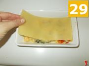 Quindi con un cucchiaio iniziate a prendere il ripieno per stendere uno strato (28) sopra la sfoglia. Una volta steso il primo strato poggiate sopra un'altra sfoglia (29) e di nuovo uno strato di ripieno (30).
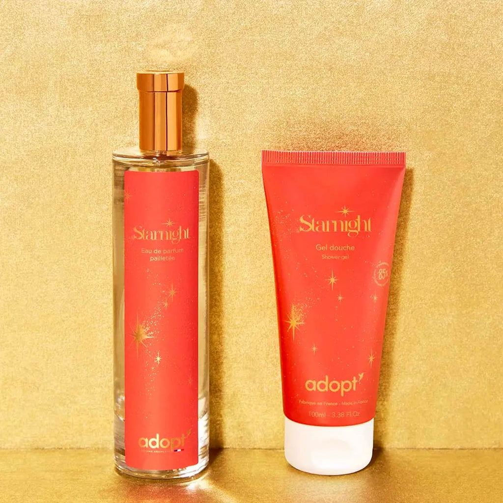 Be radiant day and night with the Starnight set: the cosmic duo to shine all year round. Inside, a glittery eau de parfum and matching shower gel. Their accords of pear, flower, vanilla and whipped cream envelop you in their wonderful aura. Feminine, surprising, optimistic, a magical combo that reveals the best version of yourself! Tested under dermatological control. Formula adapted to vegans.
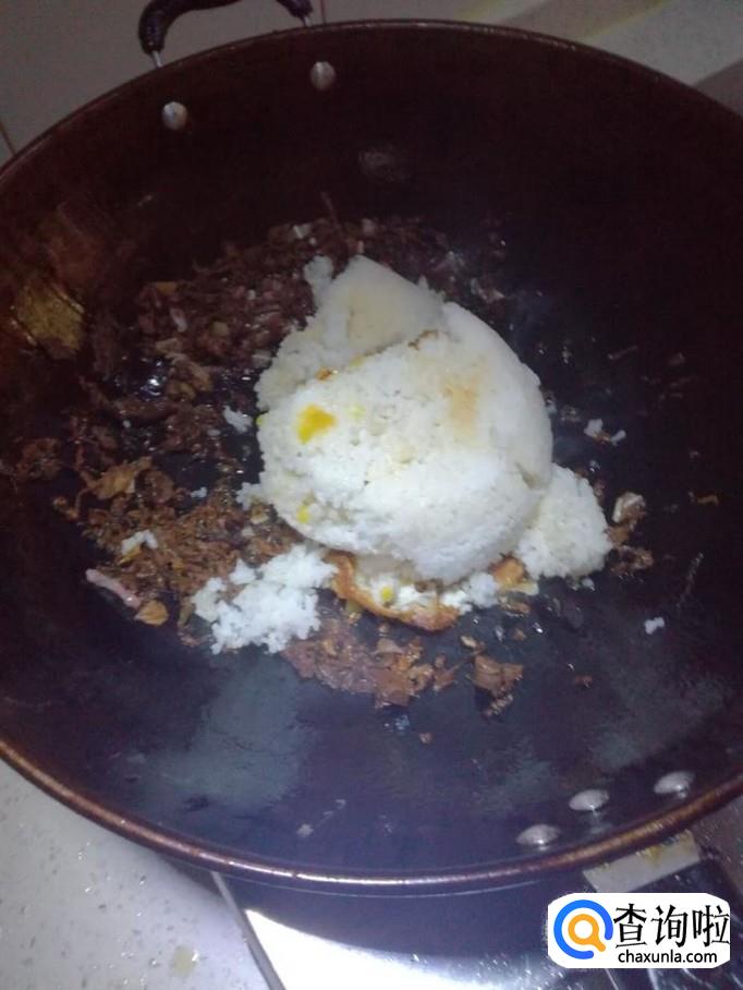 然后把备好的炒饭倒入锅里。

- **THE PROBLEM**: Restate the whole of the material word for word without the pictures.

- **WRITTEN SOLUTION**:
 Quindi con un cucchiaio iniziate a prendere il ripieno per stendere uno strato (28) sopra la sfoglia. Una volta steso il primo strato poggiate sopra un'altra sfoglia (29) e di nuovo uno strato di ripieno (30).
 Be radiant day and night with the Starnight set: the cosmic duo to shine all year round. Inside, a glittery eau de parfum and matching shower gel. Their accords of pear, flower, vanilla and whipped cream envelop you in their wonderful aura. Feminine, surprising, optimistic, a magical combo that reveals the best version of yourself! Tested under dermatological control. Formula adapted to vegans.
 然后把备好的炒饭倒入锅里。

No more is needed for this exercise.